Even the Holocaust rings hollow in ‘Illuminated’
By CRAIG OUTHIER
Get Out
In attempting to turn Jonathan Safran Foer's semi-autobiographical novel “Everything Is Illuminated” into coherent cinema, Liev Schreiber has done, if not the impossible, then the highly improbable: Reduced the Holocaust to a mere happening — an emotionless vessel of quirky musings and fashionably digressive storytelling.
“Lord of the Rings” star Elijah Wood plays Foer, a third-party character in his own story, self-depicted as a compulsive amateur archivist who collects family mementos, seals them in baggies and pins them to the wall of his home.
Hungry for information about his now-deceased Jewish grandparents, Jonathan packs up his various phobias and flies to the Ukraine, where he hires a young tour operator named Alex (Slavic punk-rocker Eugene Hutz, in a polished film debut) and his crabby, possibly anti-Semitic grandfather (Boris Leskin) to help him find the woman who helped Foer's own grandfather escape the Nazis. A trip across the countryside ensues,
followed by the promised illumination.
In the interim, Schreiber — the “Manchurian Candidate” actor, here making his debut as screenwriter and director — fashions crude entertainment from chillingly standard sources.

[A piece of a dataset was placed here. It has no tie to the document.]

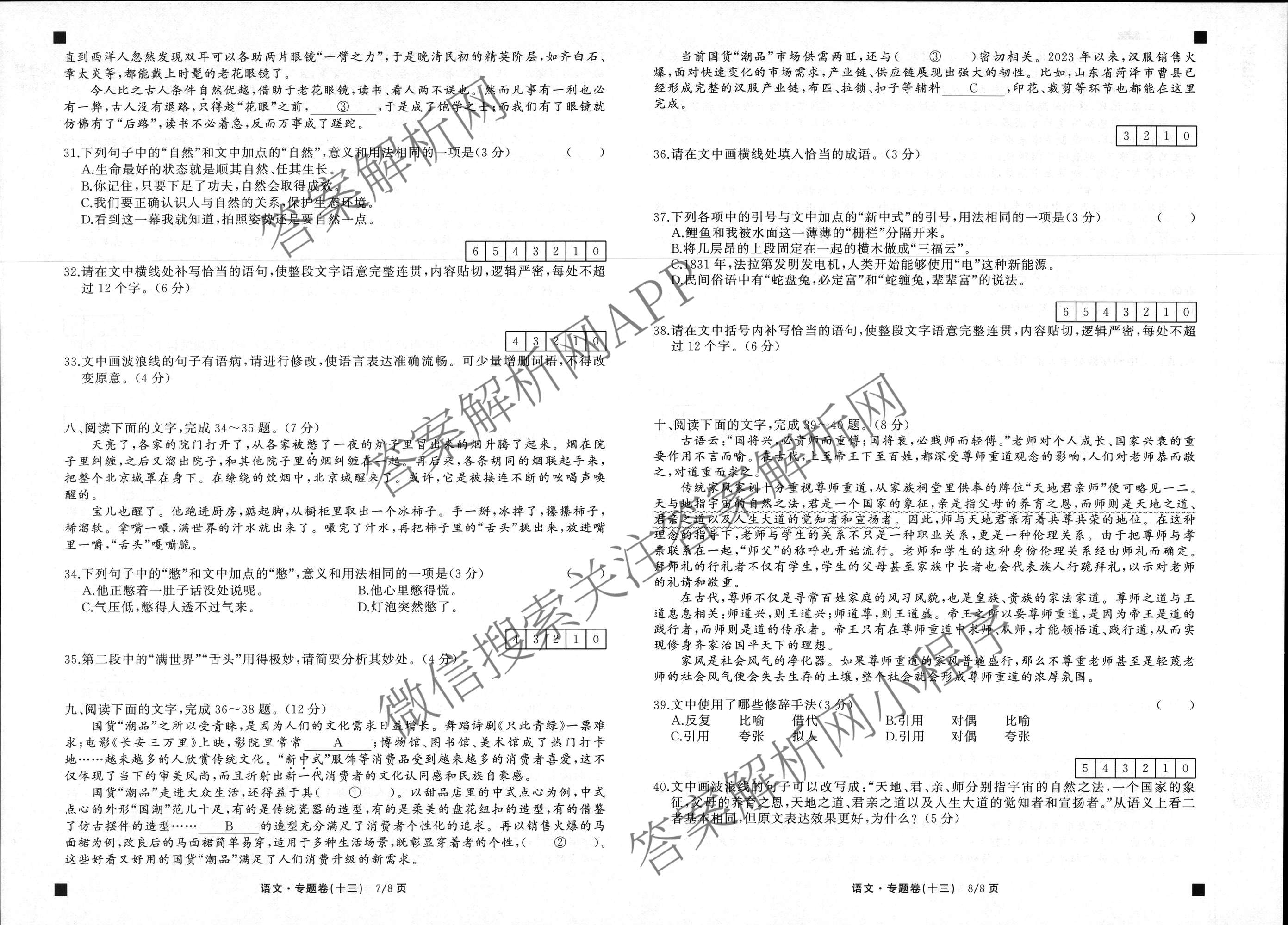 衡中同卷2024-2025学年度高考总复习专题卷(十三)13语文试题
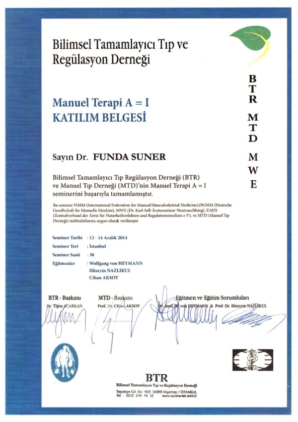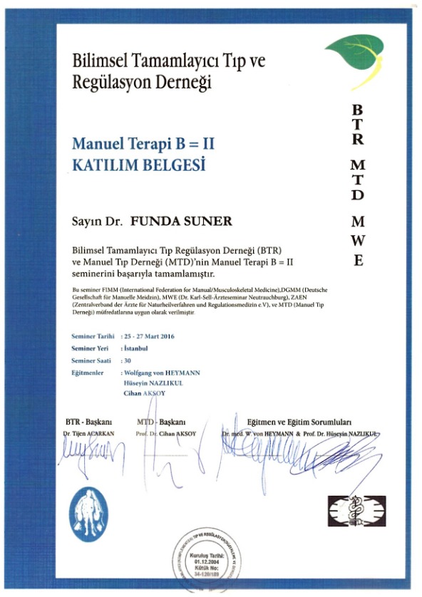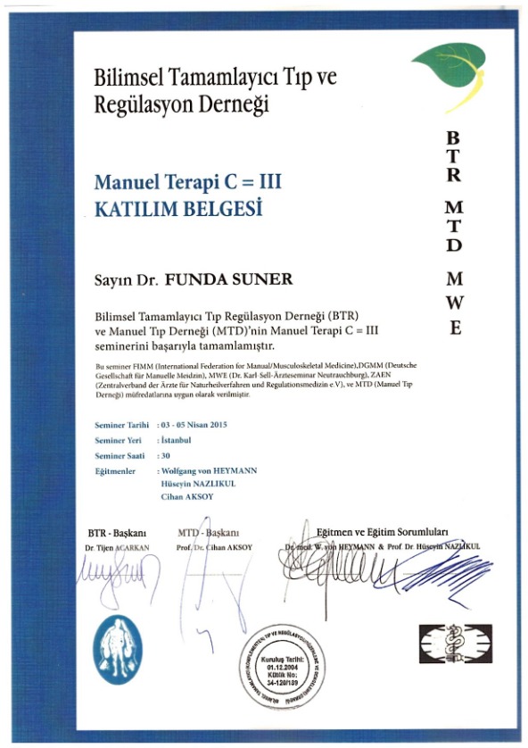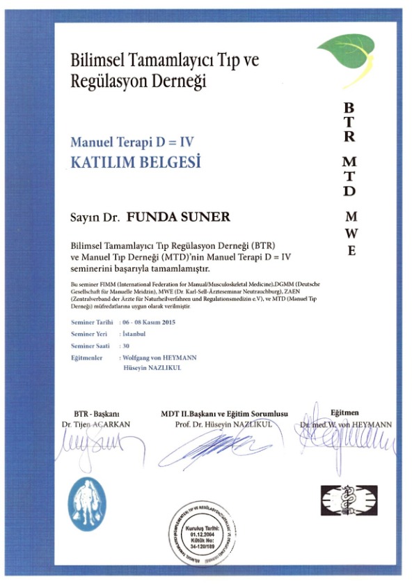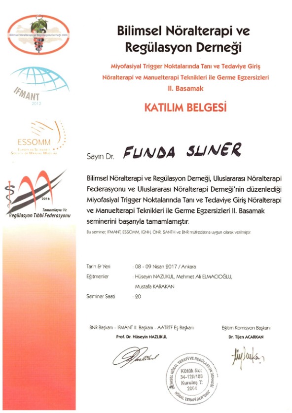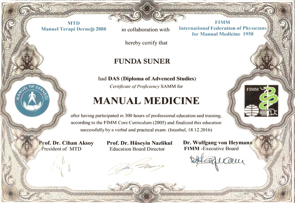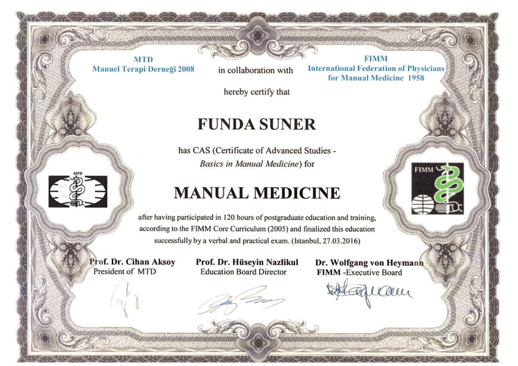 - International Federation of Physicians for Manual Medicine (FIMM) Certificate of Advanced Studies (Aralık 2016)

Alex's mangled, misapplied English (to Jonathan: “You were very proximal to your grandfather, yes?”) isn't the divine torture that it was in the book. If anything, Hutz — who also narrates the movie — appears to be channeling the “wild and crazy guys” of Dan Aykroyd's “Saturday Night Live” heyday.
Schreiber also places a bulky comedic load on Alex's yippy mutt (“Down and Out in Beverly Hills” suddenly comes to mind. . . . I don't know why) and devotes a preposterously unfunny segment to Foer's travails as a strict vegetarian.
Maybe the worst joke in “Everything Is Illuminated” is Foer himself. Stiff, eccentric, clad in a severe black undertaker's suit that he sometimes wears to bed (Schreiber uses black and white as a recurring visual motif, not ineffectively), Foer is a nightmare to look upon.
We don't know his motivations, we don't sense his anguish (or indifference?), and in the absence of these necessary containments, even the enormity of the Holocaust rings hollow into space.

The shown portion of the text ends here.